Aim of the task: With the pictures left aside, write out exactly the lines of the listing below from the line with "航站区则通过6米层人行主轴串" to the line with "Bậc thang dẫn", both included, and only those.

Task inputs:
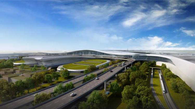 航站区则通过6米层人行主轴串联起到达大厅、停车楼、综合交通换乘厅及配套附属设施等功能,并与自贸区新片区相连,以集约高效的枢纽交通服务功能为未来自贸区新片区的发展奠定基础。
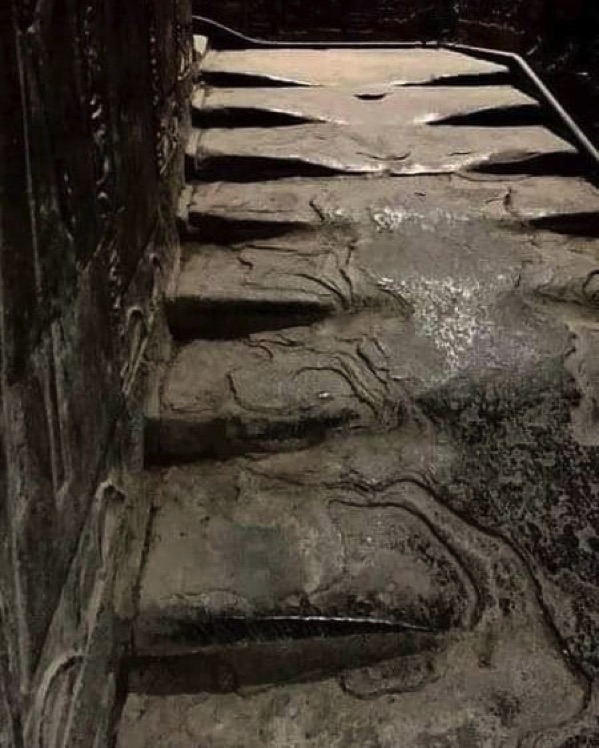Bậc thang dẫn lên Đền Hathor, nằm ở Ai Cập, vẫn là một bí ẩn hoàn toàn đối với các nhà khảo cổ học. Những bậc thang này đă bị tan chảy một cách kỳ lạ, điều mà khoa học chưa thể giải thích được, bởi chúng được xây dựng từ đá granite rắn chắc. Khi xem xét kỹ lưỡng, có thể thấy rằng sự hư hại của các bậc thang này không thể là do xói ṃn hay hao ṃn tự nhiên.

---

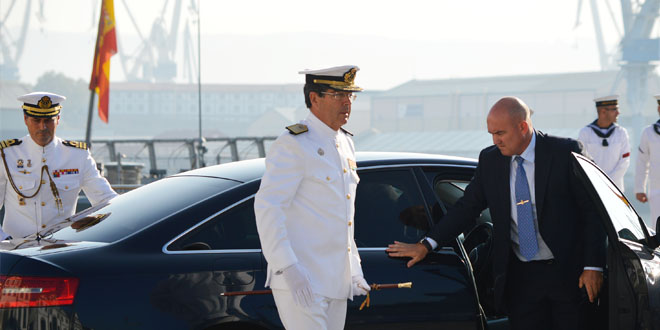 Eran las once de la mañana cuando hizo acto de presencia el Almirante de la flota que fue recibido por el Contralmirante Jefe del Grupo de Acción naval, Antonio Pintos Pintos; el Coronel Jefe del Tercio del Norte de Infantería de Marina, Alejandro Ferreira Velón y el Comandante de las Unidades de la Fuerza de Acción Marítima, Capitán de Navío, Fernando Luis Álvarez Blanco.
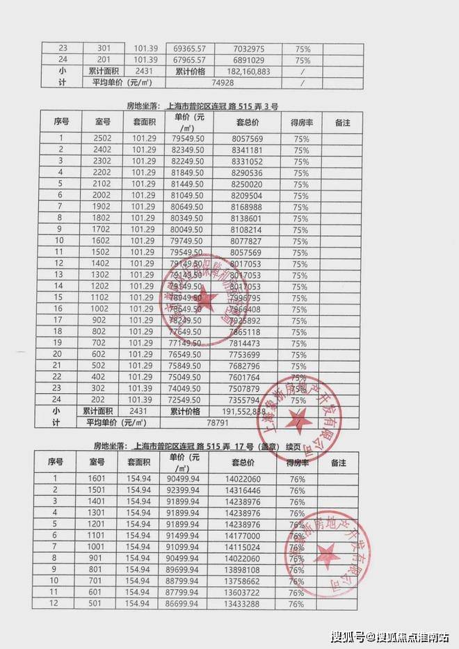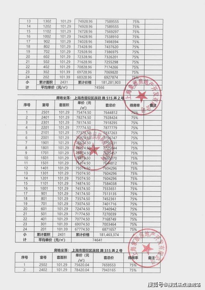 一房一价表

...

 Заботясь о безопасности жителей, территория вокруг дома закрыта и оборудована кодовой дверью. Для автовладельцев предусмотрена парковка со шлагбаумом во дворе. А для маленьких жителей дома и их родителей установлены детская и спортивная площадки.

Result of the task:
 航站区则通过6米层人行主轴串联起到达大厅、停车楼、综合交通换乘厅及配套附属设施等功能,并与自贸区新片区相连,以集约高效的枢纽交通服务功能为未来自贸区新片区的发展奠定基础。
Bậc thang dẫn lên Đền Hathor, nằm ở Ai Cập, vẫn là một bí ẩn hoàn toàn đối với các nhà khảo cổ học. Những bậc thang này đă bị tan chảy một cách kỳ lạ, điều mà khoa học chưa thể giải thích được, bởi chúng được xây dựng từ đá granite rắn chắc. Khi xem xét kỹ lưỡng, có thể thấy rằng sự hư hại của các bậc thang này không thể là do xói ṃn hay hao ṃn tự nhiên.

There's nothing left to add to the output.